- Location in Pasco County and the state of Florida
- Coordinates: 28°17′35″N 82°41′27″W﻿ / ﻿28.29306°N 82.69083°W
- Country: United States
- State: Florida
- County: Pasco

Area
- • Total: 3.68 sq mi (9.54 km^{2})
- • Land: 3.63 sq mi (9.40 km^{2})
- • Water: 0.050 sq mi (0.13 km^{2})
- Elevation: 16 ft (4.9 m)

Population (2020)
- • Total: 21,525
- • Density: 5,928.8/sq mi (2,289.14/km^{2})
- Time zone: UTC-5 (Eastern (EST))
- • Summer (DST): UTC-4 (EDT)
- FIPS code: 12-35350
- GNIS feature ID: 2402631

= Jasmine Estates, Florida =

Jasmine Estates is a census-designated place (CDP) in Pasco County, Florida, United States. As of the 2020 census, Jasmine Estates had a population of 21,525.
==Geography==
According to the United States Census Bureau, the CDP has a total area of 3.6 sqmi, of which 3.6 sqmi is land and 0.1 sqmi (1.65%) is water.

==Demographics==

Historical population
| Census | Pop. | Note | %± |
| 1970 | 2,967 |  | — |
| 1980 | 11,995 |  | 304.3% |
| 1990 | 17,136 |  | 42.9% |
| 2000 | 18,213 |  | 6.3% |
| 2010 | 18,989 |  | 4.3% |
| 2020 | 21,525 |  | 13.4% |
source:

===2020 census===

As of the 2020 census, Jasmine Estates had a population of 21,525. The median age was 40.2 years. 22.0% of residents were under the age of 18 and 17.6% of residents were 65 years of age or older. For every 100 females there were 92.2 males, and for every 100 females age 18 and over there were 89.0 males age 18 and over.

100.0% of residents lived in urban areas, while 0.0% lived in rural areas.

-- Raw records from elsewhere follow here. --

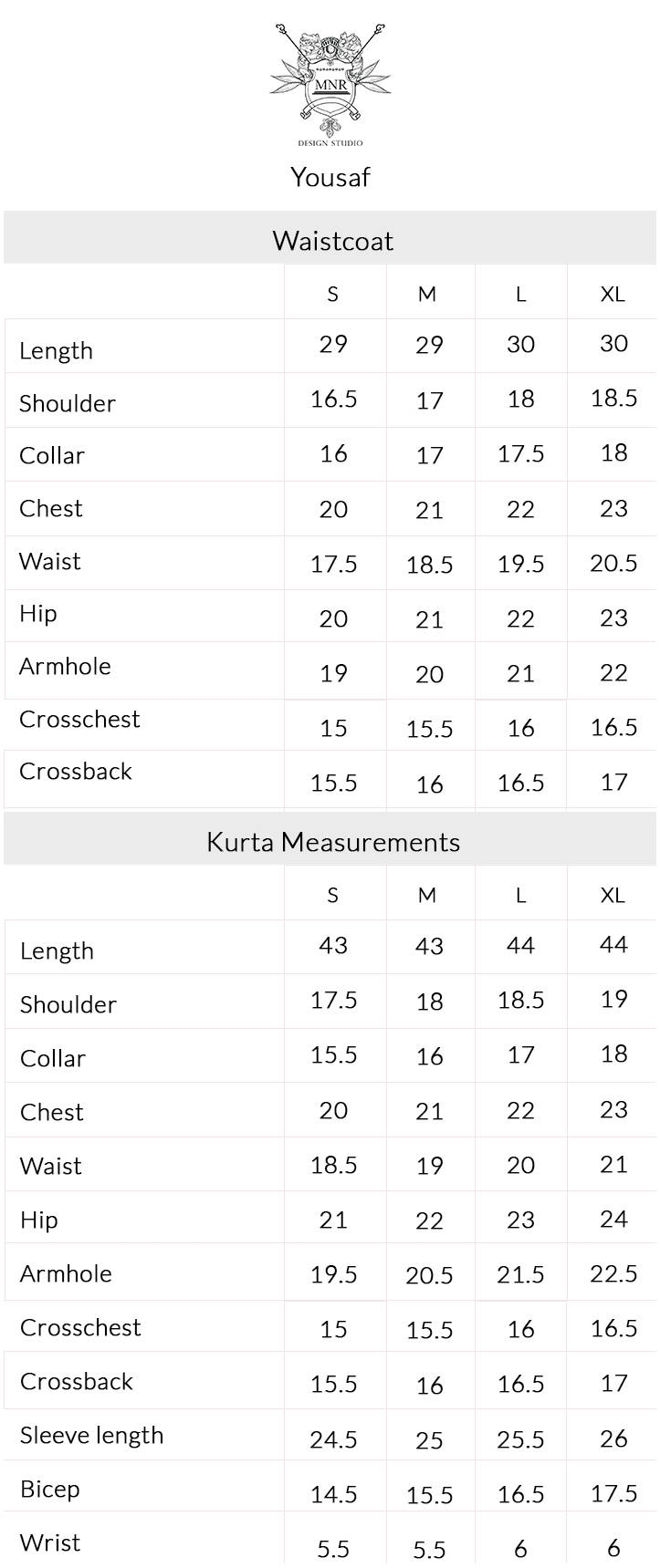 "Yousaf" our signatur MNR ensemble is a harmonious blend of youthful charm and refinement. The lilac-hued karandi waistcoat, embellished with exquisite Mughal paisley boteh and delicate borders of floral vines, exudes a princely aura. Paired effortlessly with a karandi kurta featuring intricate embroidery on the sleeves and plain pajama, this ensemble embodies the essence of festive celebrations. The waistcoat draped over the kurta and pajama creates the perfect fusion of grace and style, an ideal choice for those special occasions where elegance takes center stage.
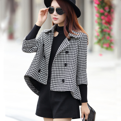 2018 mùa xuân và mùa thu mới houndstooth cloak ngắn áo len nữ đôi ngực áo sơ mi ngắn áo khoác jean nữ Áo khoác ngắn
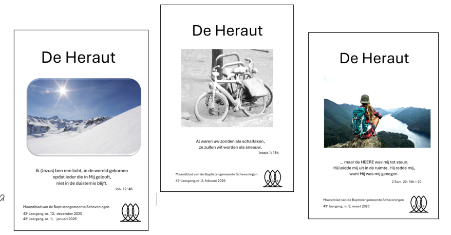 Op verzoek kan De Heraut in pdf toegezonden worden. Stuurt u hiervoor een berichtje naar heraut@baptistengemeentescheveningen.nl
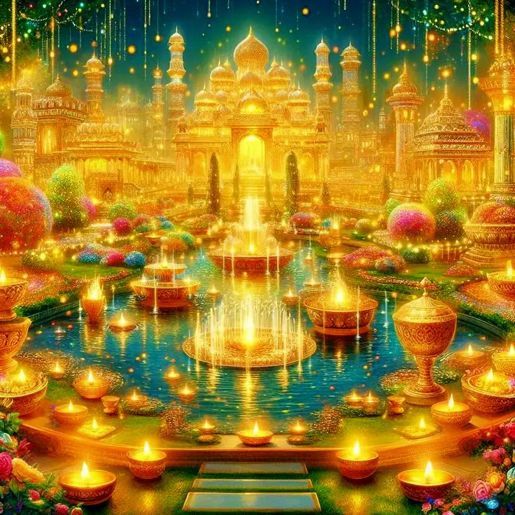 Devata, you are very mighty and your beauty illuminates all the directions. Many gods and goddesses decorated with divine jewelry dance and sing to entertain you. You are superior to all of them in status and happiness. Your mansion is very beautiful. It is made of gold. You spend your time here very happily.
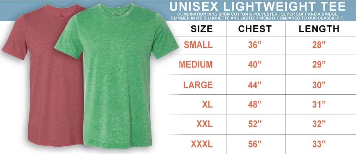 Printed on a 65/35 cotton blend in coastal New England. Heathered fabric delivers a fashionable look and lighter feel and Teddy tees are always tagless.
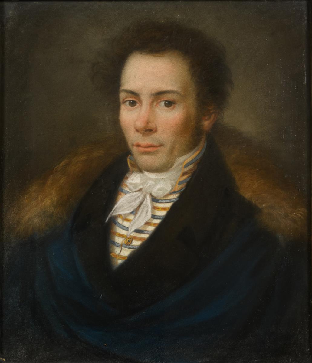 Porträt eines jungen Mannes im blauen Gehrock mit Pelzkragen.
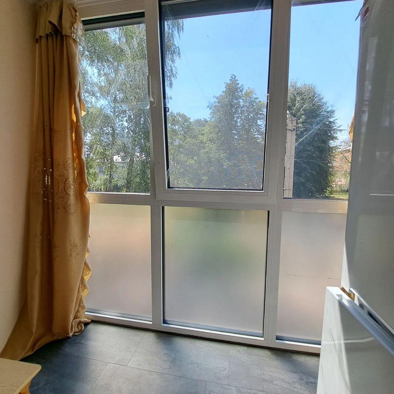 В комнате балкон, застеклён,
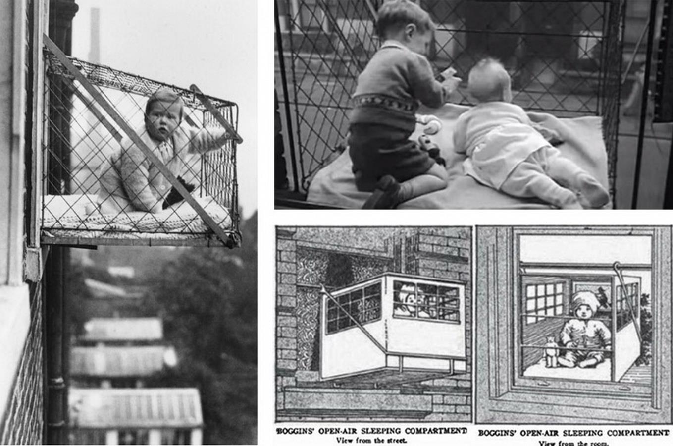 Клетки для детей. 1922 год Зрелище не для слабонервных). За оном! Она предназначалась для того, чтобы обеспечить ребёнка свежим воздухом (над оживленной улицей) и свободным местом в перенаселённом городе и дать мамочке прибраться в доме.
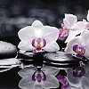 белая орхидея на черных камнях
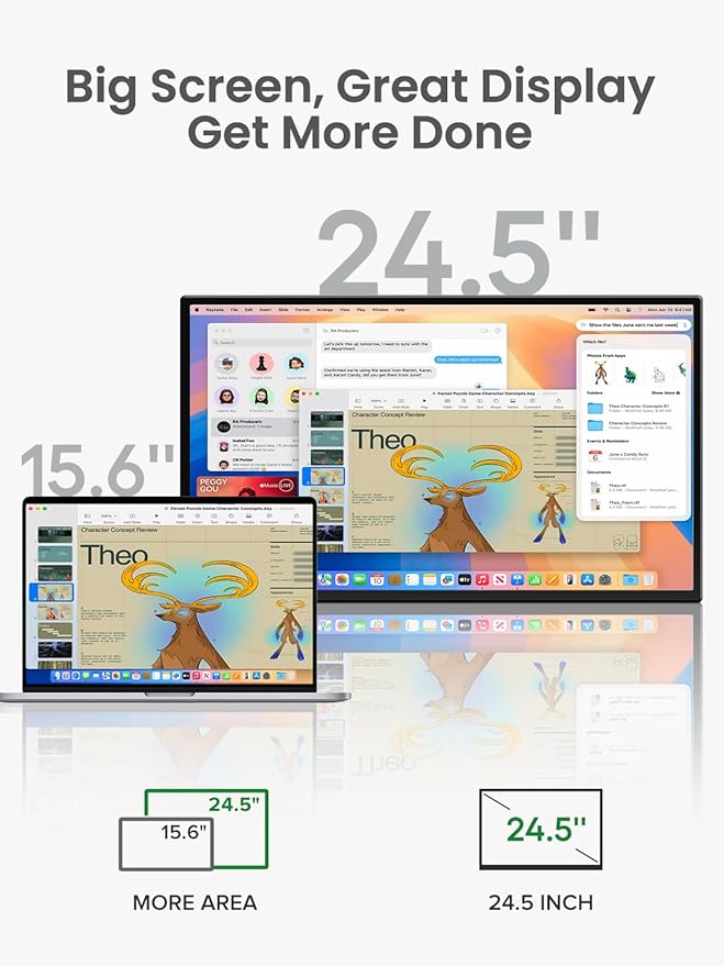 - 24.5” Massive Portable Monitor: The oversized 24.5” monitor, with its stylish and lightweight design, allows you to take it anywhere without worrying about the hassle of heavy equipment, effectively enhancing your visual enjoyment while achieving a perfect combination of size, portability, and performance(For Safety & Comfort: Set monitor height correctly, place your monitor level with or slightly below your eyes. Tilting it too far downward stresses the stand and increases fall risk, especially with large screens.)

There were 8,493 households in Jasmine Estates, of which 29.4% had children under the age of 18 living in them. Of all households, 35.9% were married-couple households, 20.5% were households with a male householder and no spouse or partner present, and 31.4% were households with a female householder and no spouse or partner present. About 27.8% of all households were made up of individuals and 12.9% had someone living alone who was 65 years of age or older.

There were 9,212 housing units, of which 7.8% were vacant. The homeowner vacancy rate was 2.5% and the rental vacancy rate was 6.2%.

Racial composition as of the 2020 census
| Race | Number | Percent |
|---|---|---|
| White | 15,258 | 70.9% |
| Black or African American | 1,383 | 6.4% |
| American Indian and Alaska Native | 132 | 0.6% |
| Asian | 281 | 1.3% |
| Native Hawaiian and Other Pacific Islander | 22 | 0.1% |
| Some other race | 1,456 | 6.8% |
| Two or more races | 2,993 | 13.9% |
| Hispanic or Latino (of any race) | 4,674 | 21.7% |

===2000 census===

As of the 2000 United States census, there were 18,213 people, 8,361 households, and 5,275 families residing in the CDP. The population density was 5,096.5 PD/sqmi. There were 9,289 housing units at an average density of 2,599.3 /sqmi. The racial makeup of the CDP was 94.46% White, 1.63% African American, 0.32% Native American, 0.88% Asian, 0.02% Pacific Islander, 1.21% from other races, and 1.49% from two or more races. Hispanic or Latino of any race were 6.07% of the population.

There were 8,361 households, out of which 21.3% had children under the age of 18 living with them, 47.4% were married couples living together, 11.4% had a female householder with no husband present, and 36.9% were non-families. 31.4% of all households were made up of individuals, and 20.4% had someone living alone who was 65 years of age or older. The average household size was 2.18 and the average family size was 2.67.

In the CDP, the population was spread out, with 19.1% under the age of 18, 6.2% from 18 to 24, 23.6% from 25 to 44, 20.6% from 45 to 64, and 30.4% who were 65 years of age or older. The median age was 46 years. For every 100 females, there were 86.0 males. For every 100 females age 18 and over, there were 83.2 males.

The median income for a household in the CDP was $26,935, and the median income for a family was $31,584. Males had a median income of $26,077 versus $21,906 for females. The per capita income for the CDP was $14,867. About 12.0% of families and 14.3% of the population were below the poverty line, including 24.8% of those under age 18 and 9.0% of those age 65 or over.